## [Work task]
Transcribe the full listing without changing a word, and omit its pictures.

## [Supplied material]
════════════════════

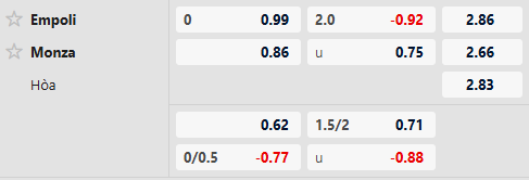 Thông tin tỷ lệ kèo Empoli vs Monza:
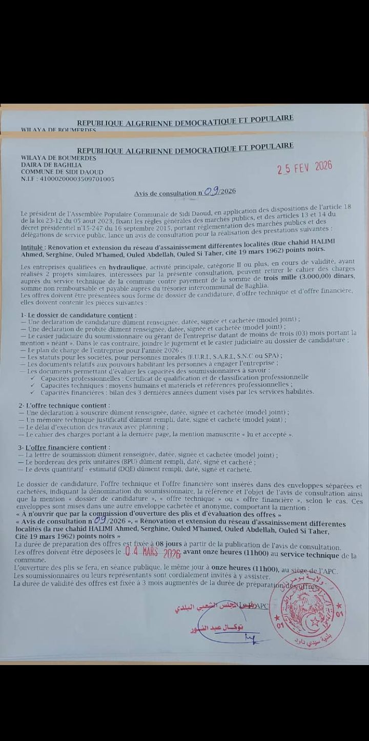 يعلن السيد رئيس المجلس الشعبي البلدي لبلدية سيدي داود عن استشارة رقم 09 لانجاز المشروع التالي
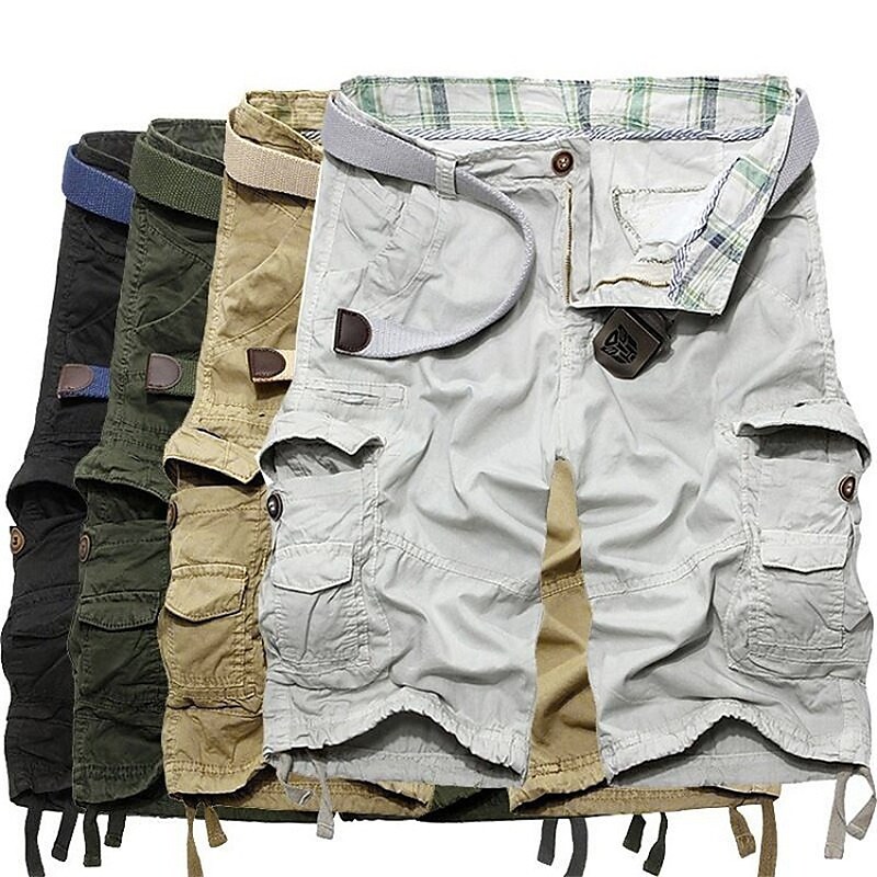 Men's Stylish Sporty Shorts Tactical Cargo Cargo Shorts Pocket Knee Length Pants Daily Sports Micro-elastic Solid Color Comfort Mid Waist ArmyGreen Black Khaki Light Grey S M L XL XXL

════════════════════

## [Solution to the problem]
 Thông tin tỷ lệ kèo Empoli vs Monza:
 يعلن السيد رئيس المجلس الشعبي البلدي لبلدية سيدي داود عن استشارة رقم 09 لانجاز المشروع التالي
 Men's Stylish Sporty Shorts Tactical Cargo Cargo Shorts Pocket Knee Length Pants Daily Sports Micro-elastic Solid Color Comfort Mid Waist ArmyGreen Black Khaki Light Grey S M L XL XXL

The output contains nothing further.